Park, Sung Keun; Oh, Chang-Mo; Ryoo, Jae-Hong; Kim, Eugene; Kang, Jeong Gyu; Jung, Ju Young.
Affiliation
  • Park SK; Center for Cohort Studies, Total Healthcare Center, Samsung Kangbuk Hospital, Sungkyunkwan University School of Medicine, Seoul, South Korea.
  • Oh CM; Departments of Preventive Medicine, School of Medicine, Kyung Hee University, Seoul, South Korea.
  • Ryoo JH; Departments of Occupational and Environmental Medicine, School of Medicine, Kyung Hee University, Seoul, South Korea.
  • Kim E; Department of Orthopaedic Surgery, Samsung Kangbuk Hospital, Sungkyunkwan University School of Medicine, South Korea.
  • Kang JG; Total Healthcare Center, Samsung Kangbuk Hospital, Sungkyunkwan University, School of Medicine, Seoul, South Korea.
  • Jung JY; Total Healthcare Center, Samsung Kangbuk Hospital, Sungkyunkwan University, School of Medicine, Seoul, South Korea. Electronic address: jjy0501@naver.com.
Nutr Metab Cardiovasc Dis ; 34(10): 2273-2281, 2024 Oct.
Article in En | MEDLINE | ID: mdl-38862353
ABSTRACT
BACKGROUND AND

AIMS:

The Chinese visceral adipose index (CVAI) is more significantly associated with cardiometabolic risk factors than other obesity indices. This study investigated the relationship between CVAI and left ventricular (LV) remodeling. METHODS AND

RESULTS:

This study included 75,132 Koreans who underwent echocardiography during a health checkup. They were grouped according to quartile levels of the CVAI, body mass index (BMI), waist circumference (WC), and visceral adiposity index (VAI). LV remodeling was defined as the presence of abnormal relative wall thickness (ARWT) and left ventricular hypertrophy (LVH). Multivariate adjusted logistic regression analysis (adjusted OR [95% confidence interval]) was used to analyze the association between ARWT and LVH according to the quartile levels of each index. Receiver operating characteristic (ROC) graphs and areas under the curve (AUC) were calculated to identify the predictive ability of the indices for ARWT and LVH. ARWT was associated proportionally with CVAI quartiles in both men (second quartile 1.42 [1.29-1.56], third quartile 1.61 [1.46-1.77], fourth quartile 2.01 [1.84-2.21]), and women (second quartile 1.06 [0.78-1.45], third quartile 1.15 [0.86-1.55], and fourth quartile 2.09 [1.56-2.80]). LVH was significantly associated with third (1.74 [1.07-2.83]) and fourth quartile (1.94 [1.18-3.20]) groups of CVAI in women. ROC and AUC analyses indicated that CVAI was superior to other indices in predicting ARWT in men and LVH and ARWT in women.

CONCLUSION:

The CVAI is an effective surrogate marker of LV remodeling, particularly in women.
Subject(s)
Key words

Full text: 1 Database: MEDLINE Main subject: Ventricular Function, Left / Hypertrophy, Left Ventricular / Ventricular Remodeling / Intra-Abdominal Fat / Obesity, Abdominal Limits: Adult / Aged / Female / Humans / Male / Middle aged Country/Region as subject: Asia Language: En Journal: Nutr Metab Cardiovasc Dis Journal subject: ANGIOLOGIA / CARDIOLOGIA / CIENCIAS DA NUTRICAO / METABOLISMO Year: 2024 Type: Article Affiliation country: Korea (South)

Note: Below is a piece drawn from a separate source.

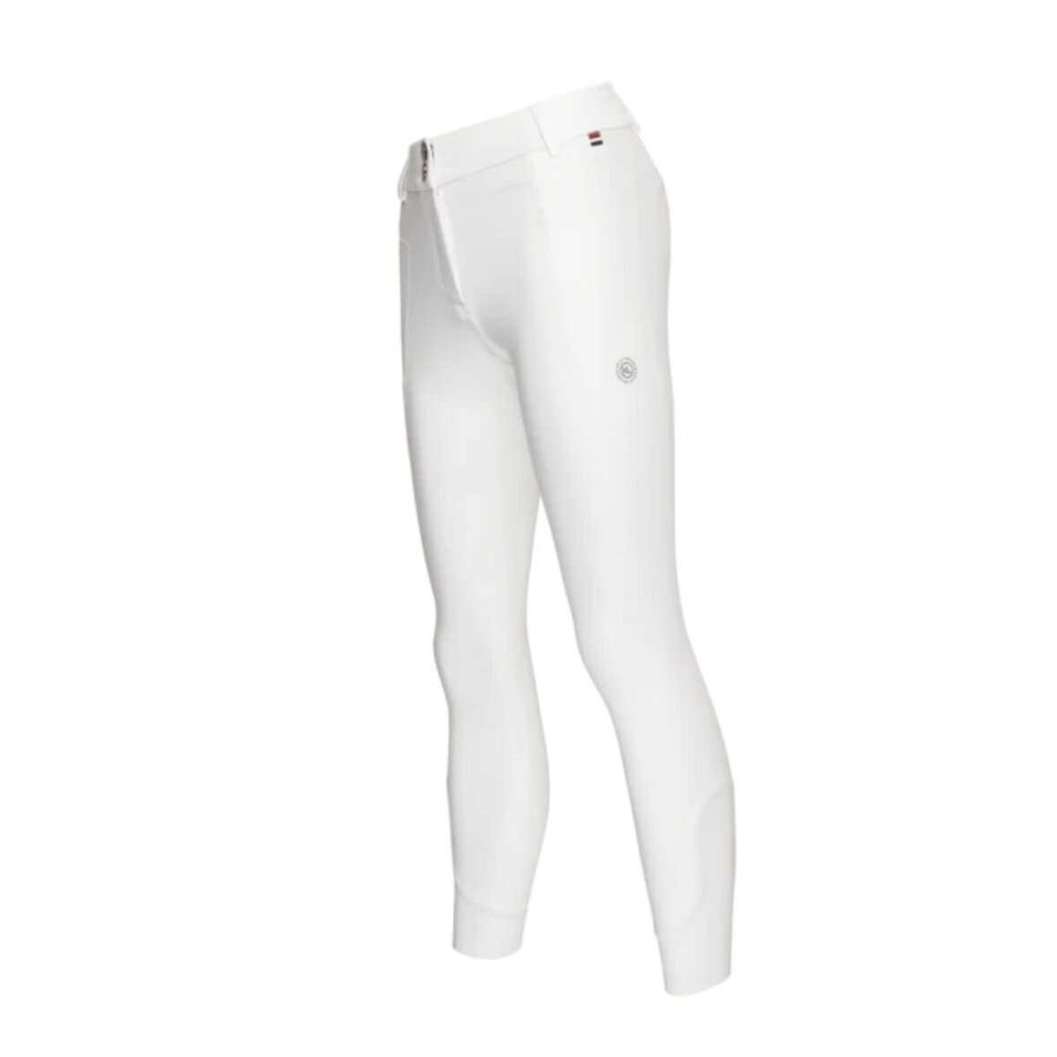 Stævneridebukser fra Kingsland. Disse ridebukser er med fuld silikone grip og har mesh materiale på siderne for at give god ventilation. 2 fake baglommer med lys glimmer, telefonlomme på det ene lår. Kingsland gummi logo på den ene side, samt Kingsland logo skrift forneden i mesh huller for god ventilation i støvlerne. Ridebukserne er fremstilet i stæk- og åndbart materiale som er behandlet med et middel som gør at insekter og fluer ikke bidder dig under ridning.

Full text: 1 Database: MEDLINE Main subject: Ventricular Function, Left / Hypertrophy, Left Ventricular / Ventricular Remodeling / Intra-Abdominal Fat / Obesity, Abdominal Limits: Adult / Aged / Female / Humans / Male / Middle aged Country/Region as subject: Asia Language: En Journal: Nutr Metab Cardiovasc Dis Journal subject: ANGIOLOGIA / CARDIOLOGIA / CIENCIAS DA NUTRICAO / METABOLISMO Year: 2024 Type: Article Affiliation country: Korea (South)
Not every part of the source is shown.